First of all, when you have a dynamic query, it sounds like you can no longer use the substitution api to avoid sql injection since the query elements will depend on what the user decided to include in the query. I can't see how else to build this query other than using string append.
Secondly, the query could potentially span multiple tables. For example, if SO allows users to filter based on Users and Tags, and these probably live in two different tables, building the query gets a bit more complicated than just appending columns and WHERE clauses.
How do I go about implementing something like this?
The first rule is that users are allowed to specify values in SQL expressions, but not SQL syntax. All query syntax should be literally specified by your code, not user input. The values that the user specifies can be provided to the SQL as query parameters. This is the most effective way to limit the risk of SQL injection.
Many applications need to "build" SQL queries through code, because as you point out, some expressions, table joins, order by criteria, and so on depend on the user's choices. When you build a SQL query piece by piece, it's sometimes difficult to ensure that the result is valid SQL syntax.
I worked on a PHP class called Zend_Db_Select that provides an API to help with this. If you like PHP, you could look at that code for ideas. It doesn't handle any query imaginable, but it does a lot.
Some other PHP database frameworks have similar solutions.
Though not a general solution, here are some steps that you can take to mitigate the dynamic yet safe query issue.
Criteria in which a column value belongs in a set of values whose cardinality is arbitrary does not need to be dynamic. Consider using either the instr function or the use of a special filtering table in which you join against. This approach can be easily extended to multiple columns as long as the number of columns is known. Filtering on users and tags could easily be handled with this approach.
When the number of columns in the filtering criteria is arbitrary yet small, consider using different static queries for each possibility.
Only when the number of columns in the filtering criteria is arbitrary and potentially large should you consider using dynamic queries. In which case...
To be safe from SQL injection, either build or obtain a library that defends against that attack. Though more difficult, this is not an impossible task. This is mostly about escaping SQL string delimiters in the values to filter for.
To be safe from expensive queries, consider using views that are specially crafted for this purpose and some up front logic to limit how those views will get invoked. This is the most challenging in terms of developer time and effort.

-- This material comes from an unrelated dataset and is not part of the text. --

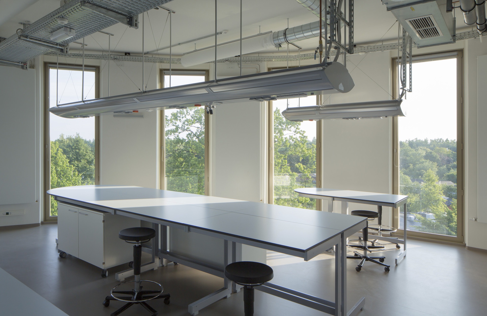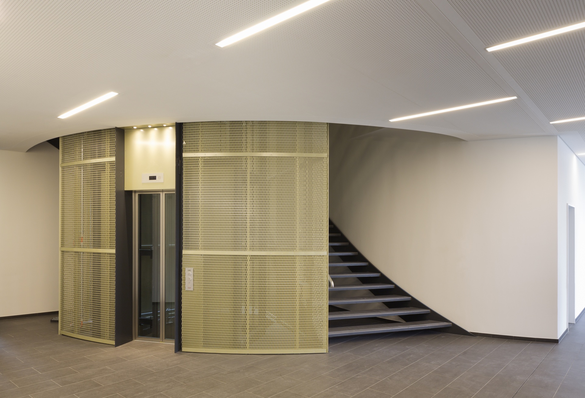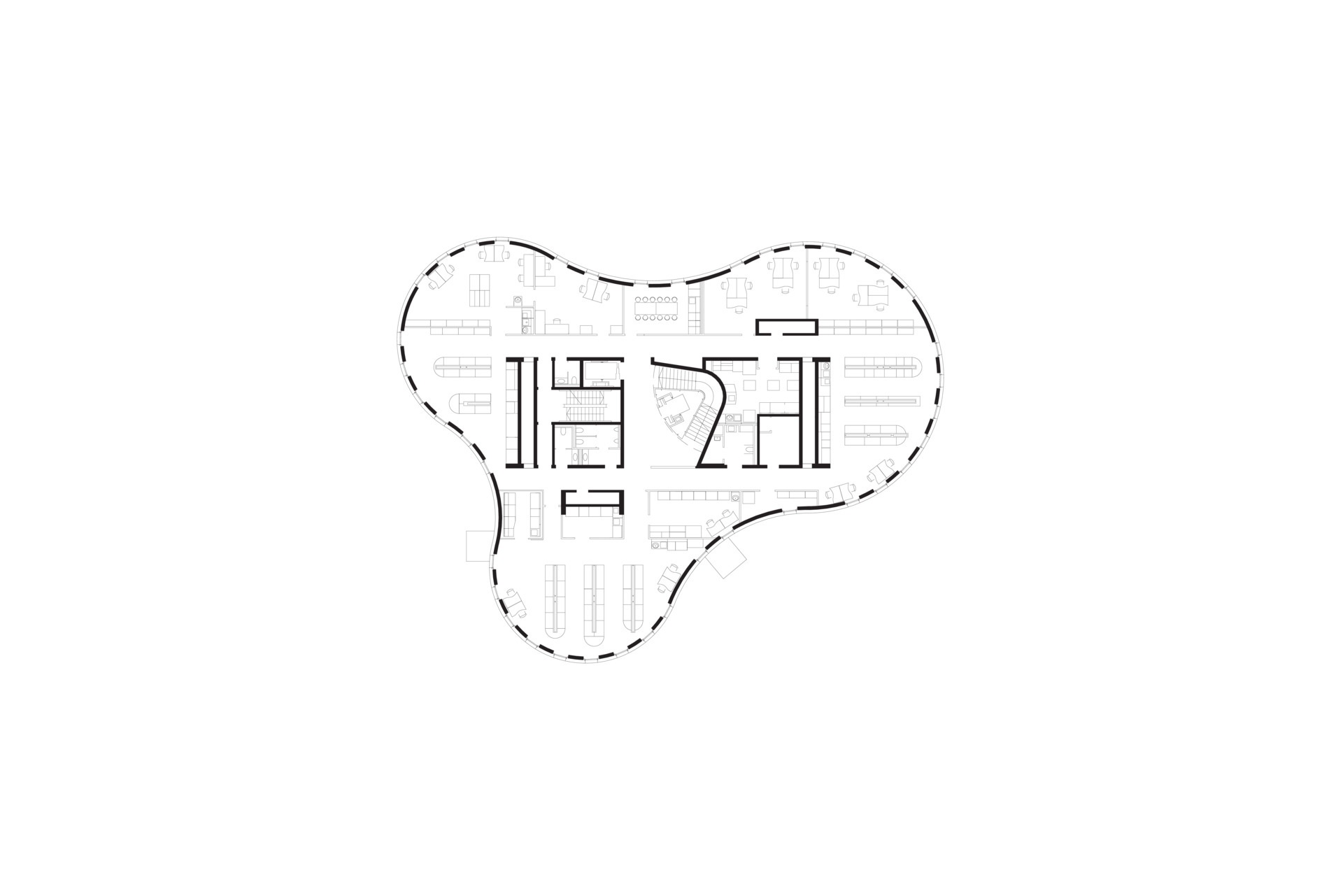 Der Grundriss setzt sich aus sechs unterschiedlich großen Kreisen zusammen. Die daraus hervorgehende konkav-konvexe Fassade ist mit goldfarbenem Streckmetall bekleidet und wird durch versetzte, geschosshohe Fensterelemente gegliedert. Ein Oberlicht versorgt die zentrale Treppe mit Tageslicht. Entlang des orthogonalen Kerns gliedern sich auf jeder Etage zwei Flure und eine Folge von Räumen, die durch die freie Form der Fassade begrenzt werden. Die Arbeitsplätze der Forscher werden über deckenseitige Medienflügel mit Gasen, Daten und Strom versorgt, was eine flexible Labormöblierung ermöglicht, die sich stets an neue Forschungsaufgaben anpassen lässt. Durch raumhohe Fenster dringt Tageslicht bis in die Tiefe der großen Räume. Ein Vortragssaal im obersten Geschoss dient dem Dialog der Forscher mit Wirtschaft und Öffentlichkeit.

If you were using python to access your database, I would suggest you use the Django model system. There are many similar apis both for python and for other languages (notably in ruby on rails). I am saving so much time by avoiding the need to talk directly to the database with SQL.
From the example link:
#Model definition
class Blog(models.Model):
name = models.CharField(max_length=100)
tagline = models.TextField()
def __unicode__(self):
return self.name
Model usage (this is effectively an insert statement)
from mysite.blog.models import Blog
b = Blog(name='Beatles Blog', tagline='All the latest Beatles news.')
b.save()
The queries get much more complex - you pass around a query object and you can add filters / sort elements to it. When you finally are ready to use the query, Django creates an SQL statment that reflects all the ways you adjusted the query object. I think that it is very cute.
Other advantages of this abstraction
Your models can be created as database tables with foreign keys and constraints by Django
Many databases are supported (Postgresql, Mysql, sql lite, etc)
DJango analyses your templates and creates an automatic admin site out of them.
Well the options have to map to something.
A SQL query string CONCAT isn't a problem if you still use parameters for the options.